The European Parliament's ENVI committee on 4 May 2026 held exchanges with Commissioners Várhelyi and Hoekstra on the MFF's climate and environmental impact, revealing splits on ambition, conditionality, and implementation. Várhelyi defended simplification in food safety, biotech, and animal welfare, but faced pushback from Gerben-Jan Gerbrandy (Renew), Martin Häusling (Greens/EFA), and Christophe Clergeau (S&D), who argued that the omnibus weakened precaution and traceability.

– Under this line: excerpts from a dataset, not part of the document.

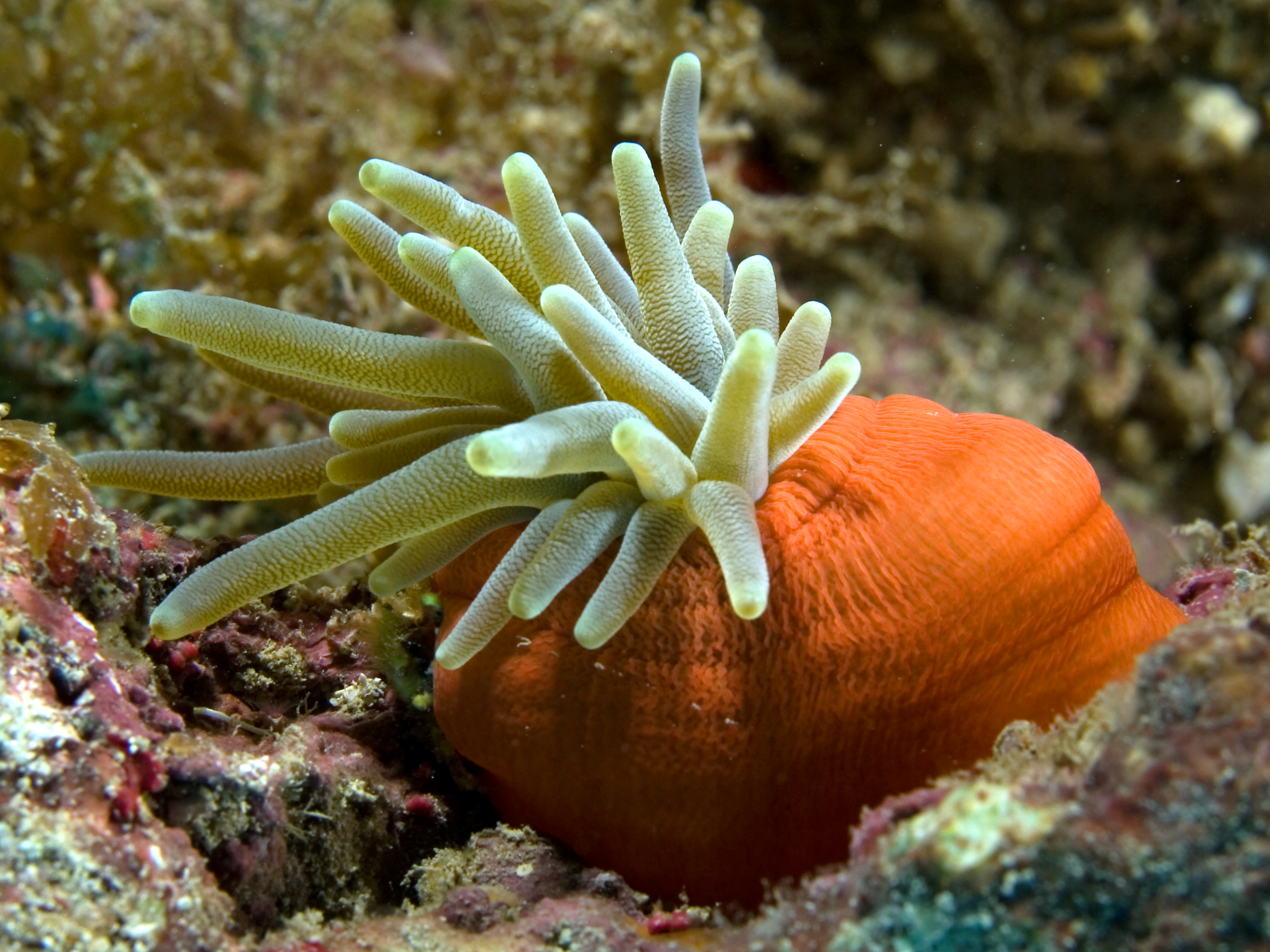 Condylactis gigantea (Giant Anemone) red base.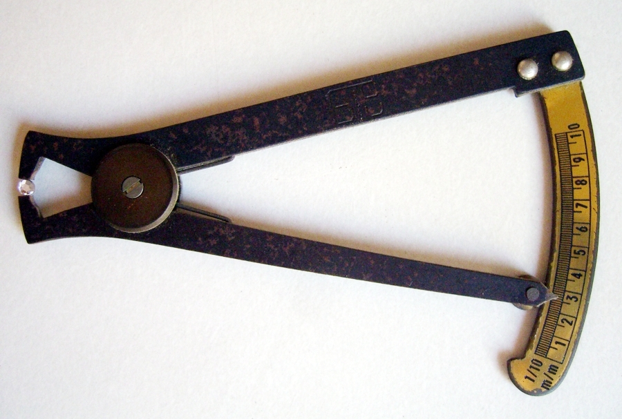 Sized 0-10 mm caliper with bow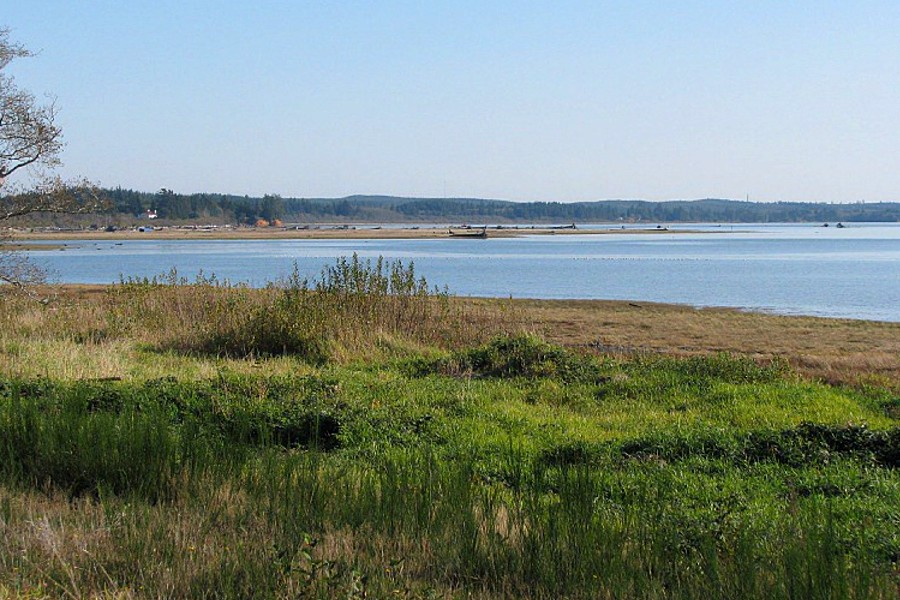 Humptolips River mouth into Grays Harbor

On imports, Esther Herranz García (EPP), Barbara Bonte (PfE), and Sander Smit (ECR) demanded stronger border controls, while Várhelyi cited new audits and AI tools.

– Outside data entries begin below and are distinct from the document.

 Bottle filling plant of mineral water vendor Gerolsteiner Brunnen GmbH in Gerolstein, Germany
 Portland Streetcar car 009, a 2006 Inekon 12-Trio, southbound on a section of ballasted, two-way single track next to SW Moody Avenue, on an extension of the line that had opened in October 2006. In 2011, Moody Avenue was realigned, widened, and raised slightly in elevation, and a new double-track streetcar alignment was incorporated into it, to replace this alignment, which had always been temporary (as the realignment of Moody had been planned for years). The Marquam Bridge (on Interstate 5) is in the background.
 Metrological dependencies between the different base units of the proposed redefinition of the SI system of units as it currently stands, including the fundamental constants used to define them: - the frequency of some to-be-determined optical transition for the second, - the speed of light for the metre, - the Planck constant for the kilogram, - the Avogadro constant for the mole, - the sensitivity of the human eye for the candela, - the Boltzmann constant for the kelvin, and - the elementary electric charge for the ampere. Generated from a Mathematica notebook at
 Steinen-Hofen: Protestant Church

Hoekstra defended the ETS as central to decarbonisation, but Peter Liese (EPP) sought more flexibility for industry, Mohammed Chahim (S&D) insisted on conditional free allowances, and Michael Bloss (Greens/EFA) questioned alignment with the 2040 target. On electrification, Lena Schilling (Greens/EFA) pressed for separate fossil and biogenic targets, while Alexandr Vondra (ECR) criticised nuclear taxonomy and coal restrictions.
On the MFF, Daniel Rosskamp (DG BUDG) defended the 35% climate target and coefficient tracking, but Rasmus Nordqvist (Greens/EFA) and Jonas Sjöstedt (The Left) demanded 50% with 10% for biodiversity. Study presenters Jeanette Benschop and Robert Williams (Dynamix) warned that the MFF lowers relative ambition and weakens biodiversity safeguards, especially by absorbing LIFE.
Consensus emerged on stronger border controls, ETS centrality, and clearer green spending tracking, but divergences persisted on ambition, conditionality, and implementation. Next steps: ETS review on 15 July, ENVI opinion vote on 14 July, BUDG/CONT votes in October.